DaerahEkonomiNews

Investasi Masuk, Masyarakat Harus Untung: Pesan Bupati Daeng Manye dalam Paripurna DPRD Takalar

47

TAKALAR | KHATULISTIWA.MEDIA – Rapat Paripurna DPRD Kabupaten Takalar membahas pandangan umum fraksi-fraksi dan jawaban Bupati terkait Raperda Pemberian Insentif dan Kemudahan Investasi yang bertujuan menciptakan iklim investasi yang kondusif serta meningkatkan pendapatan daerah, Senin (08/06/2026).

Kegiatan yang berlangsung di Ruang Sidang Utama DPRD Takalar ini dihadiri oleh Bupati Takalar H. Mohammad Firdaus Daeng Manye, unsur Forkopimda, pimpinan dan anggota DPRD, Sekretaris Daerah, serta jajaran Organisasi Perangkat Daerah (OPD).

Dalam pandangan umumnya, seluruh fraksi DPRD memberikan apresiasi dan dukungan terhadap hadirnya Raperda tersebut. Regulasi ini dinilai penting sebagai instrumen untuk menarik investasi, memperkuat pertumbuhan ekonomi daerah, serta membuka peluang usaha yang lebih luas bagi masyarakat.

Meski demikian, sejumlah masukan dan catatan strategis turut disampaikan oleh fraksi-fraksi DPRD. Mereka menekankan pentingnya penerapan regulasi yang tetap memperhatikan aspek kelestarian lingkungan, pemberdayaan pelaku UMKM, serta perlindungan terhadap tenaga kerja lokal.

Menanggapi berbagai pandangan yang disampaikan, Bupati Takalar menegaskan bahwa pemerintah daerah dan DPRD memiliki visi yang sama dalam menghadirkan investasi yang berkualitas.

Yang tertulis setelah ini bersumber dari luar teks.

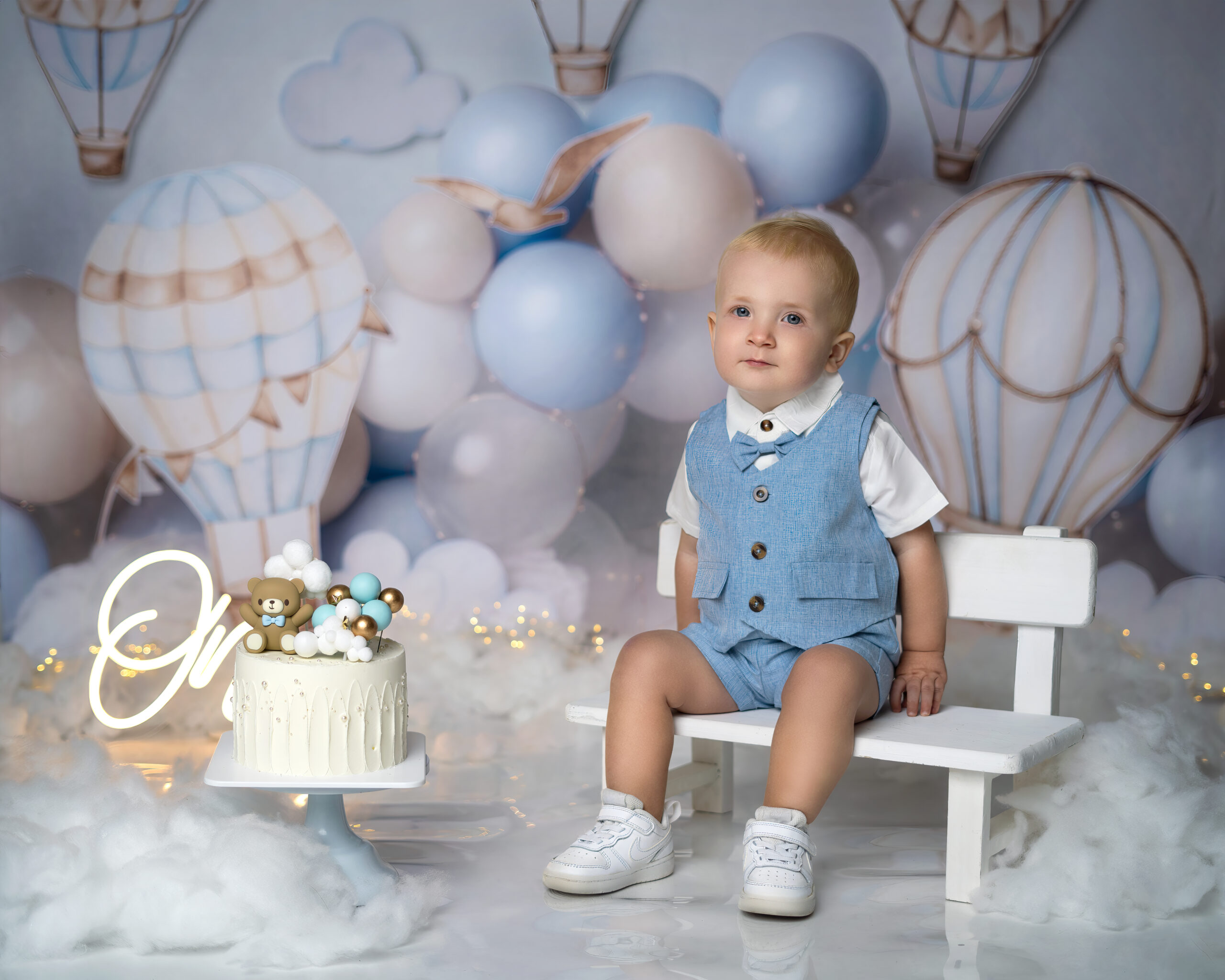Ein liebevoll zusammengestelltes Setup, das speziell für Ihr Kind entworfen wird. Von traumhaften Hintergründen über abgestimmte Outfits bis hin zu einer Torte – jedes Detail wird auf Ihre Wünsche abgestimmt.

Menurutnya, investasi yang masuk tidak hanya harus menguntungkan investor, tetapi juga mampu memberikan manfaat nyata bagi masyarakat dan pembangunan daerah.

“Raperda ini bukan sekadar memberikan kemudahan kepada investor, tetapi merupakan instrumen untuk membuka peluang usaha baru, meningkatkan penyerapan tenaga kerja, mendorong pertumbuhan ekonomi, dan meningkatkan kesejahteraan masyarakat Takalar. Investasi yang masuk harus memberikan nilai tambah bagi daerah dan masyarakat,” ujar Firdaus dalam rapat paripurna.

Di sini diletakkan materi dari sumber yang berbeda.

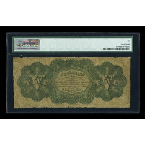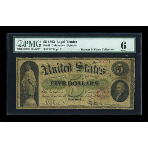 <B>Fr. 61 $5 1862 Legal Tender PMG Good 6.</B></I> Only fifteen examples of Fr. 61 are known according to the updated (2/08) Track & Price census. This "No Series" Legal Tender Note is, in effect, <I>Series 1 </B></I>of the 72 series that were printed. Notes were numbered from 1 through 100,000 and then back to 1 again. To distinguish among serial number runs, notes were marked "Series 2," "Series 3" etc., each time a new run of 100,000 was begun. However, the first run of 100,000 was not marked, hence the existence of the very rare Fr. 61. In spite of the low grade of this piece, it's a solid rather attractive example of this rarity. Only a single high-grade example of this number exists, with all others grading under 20. The vast majority of the fifteen known examples grade 6 or 8.<BR><I>From The Thomas M. Flynn Collection</B></I><BR><BR><b>Shipping:</b> Coins & Currency (<a target="_blank" href="http://www.heritageauctions.com/common/shipping.php">view shipping information</a>)

Lebih lanjut, Bupati menjelaskan bahwa kebijakan kemudahan investasi akan tetap berjalan dalam koridor pembangunan berkelanjutan. Setiap investasi yang masuk wajib mematuhi ketentuan perundang-undangan, menjaga kelestarian lingkungan, serta mengutamakan pemanfaatan tenaga kerja lokal.

Sebagai bagian dari tahapan pembahasan Raperda, DPRD Kabupaten Takalar juga mengumumkan pembentukan Panitia Khusus (Pansus) yang akan melakukan kajian lebih mendalam terhadap substansi regulasi tersebut. Pansus diharapkan dapat menyempurnakan materi Raperda agar mampu memberikan kepastian hukum bagi investor sekaligus melindungi kepentingan masyarakat dan daerah.

Pembentukan Pansus menjadi bukti komitmen bersama antara pemerintah daerah dan DPRD dalam menghadirkan regulasi yang adaptif terhadap tantangan pembangunan. Langkah ini dinilai penting di tengah persaingan investasi yang semakin kompetitif antar daerah.

Dengan potensi besar di sektor pertanian, perikanan, industri, dan pariwisata, serta didukung posisi geografis yang strategis, Kabupaten Takalar memiliki peluang besar untuk berkembang menjadi salah satu destinasi investasi unggulan di Sulawesi Selatan.

Pemerintah Kabupaten Takalar berharap regulasi ini nantinya mampu menarik lebih banyak investor untuk menanamkan modalnya di daerah. Kehadiran investasi baru diyakini dapat menciptakan lapangan kerja, meningkatkan Pendapatan Asli Daerah (PAD), menggerakkan perekonomian masyarakat, serta mempercepat terwujudnya Takalar yang maju, mandiri, dan berdaya saing.

Rapat paripurna ditutup dengan penandatanganan berita acara dan penyerahan dokumen jawaban Bupati kepada pimpinan DPRD. Tahapan tersebut menjadi langkah lanjutan menuju penetapan Raperda menjadi Peraturan Daerah yang diharapkan menjadi fondasi kuat bagi terciptanya iklim investasi yang produktif, berkelanjutan, dan berpihak pada kepentingan masyarakat Takalar.